_Exercise_.
Only the lines from the one bearing "CONNECT IT InCarz" through the end of the entries should be output, exactly as they stand, and pictures should be skipped.

_Information_.
*** Begin section ***

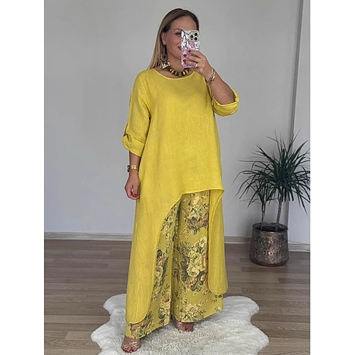 Per donna Set di Pantaloni Bolero Top Manica Lunga Girocollo Floreale Grafico Stampato Moda Streetwear Casuale Quotidiano All'aperto Bianco Giallo Rosa Estate Vestibilità comoda
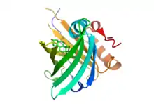 Characteristic for Anticalin proteins is their barrel structure formed by eight antiparallel β-strands pairwise connected by loops and an attached α-helix. The main structure of Anticalin proteins is identical to wild type lipocalins. Conformational deviations are primarily located in the four loops reaching in the ligand binding site.[2] Mutagenesis of amino acids at the binding site allows for changing the affinity and selectivity.
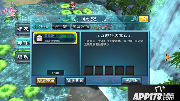 游戏内可以给好友发送私信,收到信后可以在收信箱直观的看到邮件内容,不许要单独点开邮件。当收到有附件的邮件时,点击提取全部选项就可以一键提取全部附件啦!
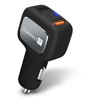 CONNECT IT InCarz QUICK CHARGE 3.0 nabíječka do auta, 2x USB, 1x USB-C, QC 3.0, černá
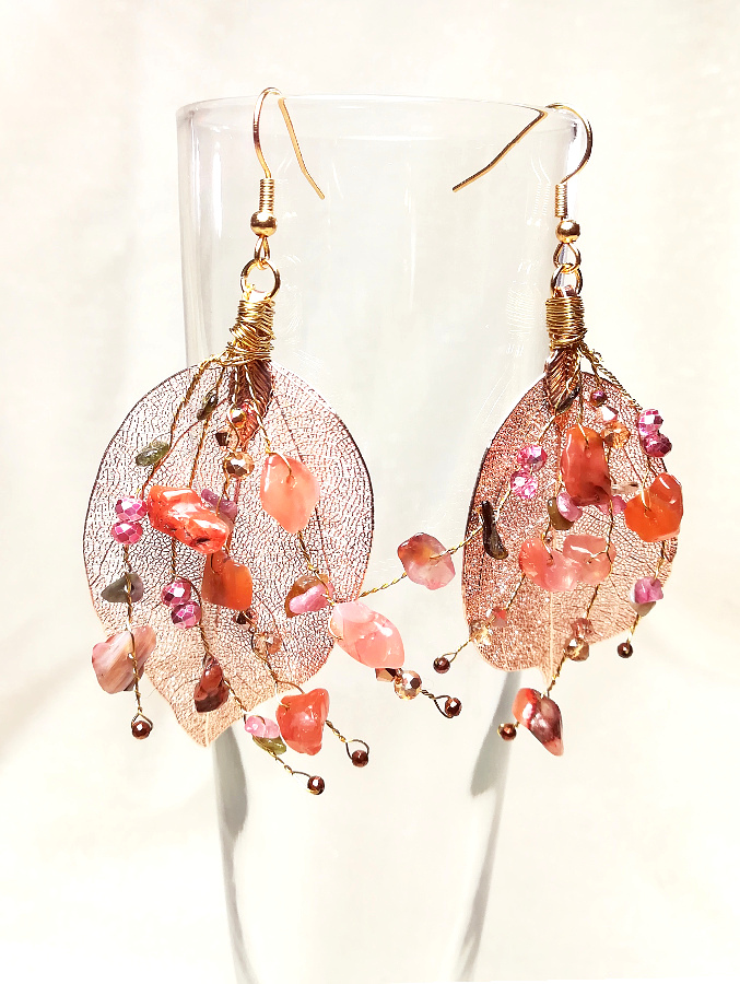Real leaf earrings | rose gold with Rose Quartz

*** End section ***

_Output for this exercise_.
 CONNECT IT InCarz QUICK CHARGE 3.0 nabíječka do auta, 2x USB, 1x USB-C, QC 3.0, černá
Real leaf earrings | rose gold with Rose Quartz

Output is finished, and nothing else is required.